Но после запрещения многострадальных «Новостей» и бегства в Париж от тюрьмы Осипу Константиновичу стало очень жутко. У него были миллионеры родные, но они не поддержали бывшего своего редактора. У него навертывались предательские слезы на глаза, когда он рассказывал о них, не удостоивших его даже ответом на его буквально голодные вопли оттуда. Один из его прежних друзей, человек, обладавший большими средствами, которому О. К. когда-то расчистил путь в литературу, тронутый его рассказом о постигших его бедствиях, незаметно вложил ему в руку бумажку. Нотович обрадовался. Уж очень наголодался перед тем и, когда его приятель вышел (дело было в Cafe Napolitain), быстро развернул кредитку… Он ее швырнул под стол. Соотечественник расщедрился на… русскую пятирублевку.
— Не вы ли уронили? — поднял garcon.
— Нет… Это, верно, господин, который вышел отсюда…
Он бросался во все стороны в поисках работы.
Умолял меня найти ему занятие. Рекомендовал себя в парижские корреспонденты. Разумеется, при его политической честности и широком образовании он в этой роли был бы на своем месте. Но ни одна из газет, когда-то боявшихся конкуренции его «Новостей», не была настолько великодушна, чтобы хотя за нищенский гонорар открыть ему свои столбцы. Брали людей полуграмотных, совершенно незнакомых с международными отношениями, часто сомнительных, случалось даже, заведомых биржевых игроков, в европейской жизни и местном обиходе невежественных, бестактных, плохо говоривших на местных языках и вовсе уж не представительных. Довольствовались базарною дешевкой, но не могли побороть в себе недавнего ревнивого чувства к павшему сопернику. Благороднее всех оказался А. С. Суворин. Как-то перед отъездом в Париж я ему рассказал о бедствиях Осипа Константиновича.
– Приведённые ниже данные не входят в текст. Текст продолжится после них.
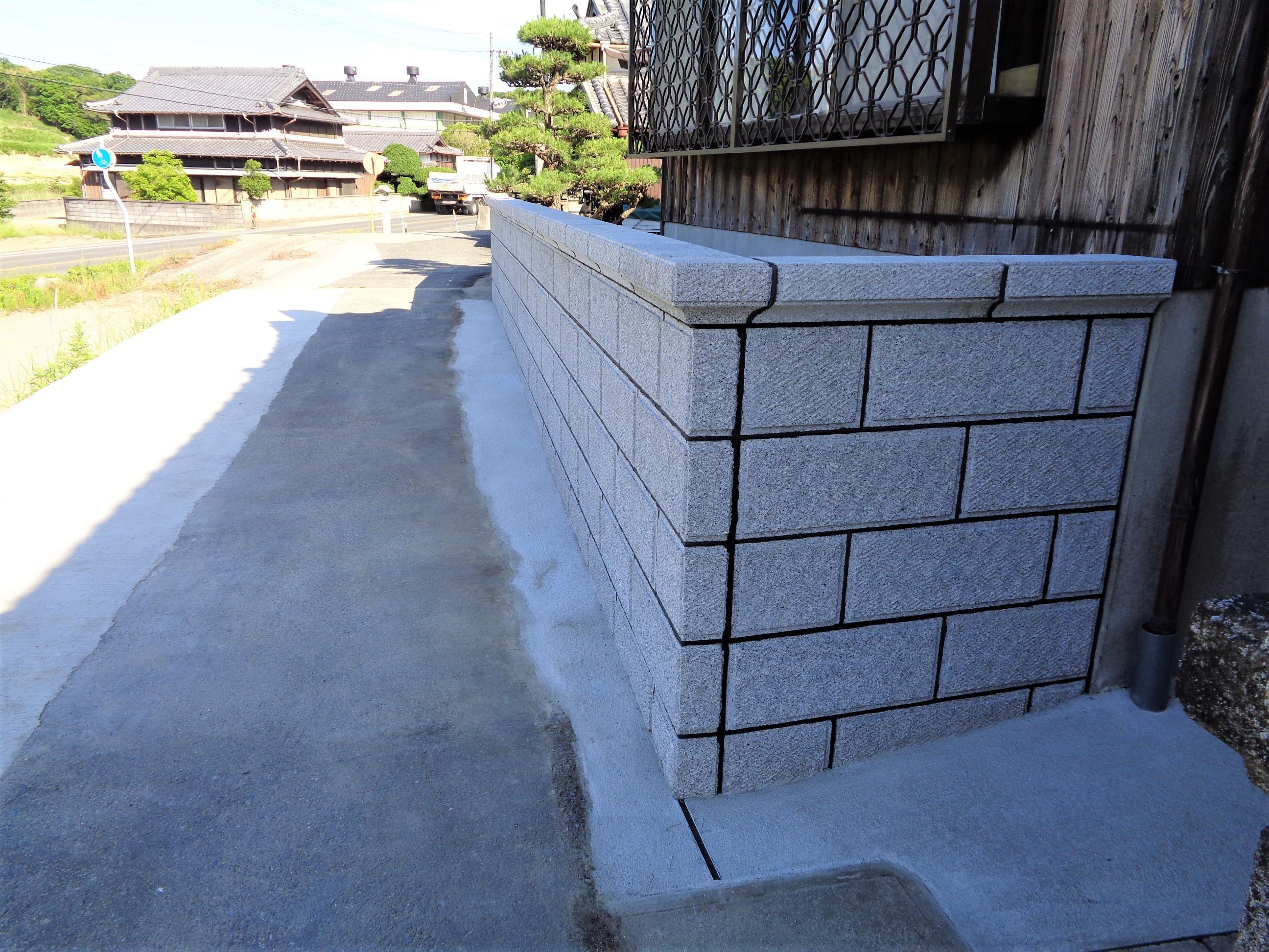 剪定に困った生垣を伐採して化粧ブロックを積んだ事例です。敷地の区切りが出来て 管理がし易くなりました。

— Вот что… Я понимаю: он не может подписываться в «Новом Времени». Мы все время были политическими врагами, но пусть об этом знают я, он да вы, и никто больше. Предложите ему писать — об общелитературных явлениях на западе. Я ему дам на первых порах 1500 фр. в месяц. Если ему нужен аванс — телеграфируйте — немедленно переведу тысячу рублей. Или больше.
Нотовича в Париже я застал в ужасном положении.
Он бился из последних сил.
Я передал ему предложение Суворина.
— Я хорошо понимаю. Алексею Сергеевичу я нужен, как второй хвост собаке. Разумеется, мое положение безвыходно, но… Нет! Я ему очень, очень благодарен. Он один из всех… (Нотович отвернулся, чтобы скрыть свое волнение), но понимаете… Я не могу, не могу. Ведь я чуть ли не пятнадцать лет боролся с ним… Нет, не могу… Я напишу ему сам… Между нашими не нашлось ни одного такого. Ни одного! Все от меня, как от чумного! Вы знаете, что мне ответил ***…
И он назвал крупного московского издателя.
— «Кому вы нужны теперь? Сверх того, я боюсь, что мне и моему делу вы принесете несчастие, преследовавшее до сих пор и вас, и все ваши предприятия. Вы — человек сплошной неудачи и потом — чем таким вы ознаменовали себя как писатель? Мы ищем людей талантливых, а вы один из тех, которых приходится по сорока на дюжину»…
— А между тем, когда у меня была газета, он часами просиживал у меня в приемной и был слаще меда… Разумеется, мед часто киснет…
В последний раз наша встреча была неожиданна и уже фантастична.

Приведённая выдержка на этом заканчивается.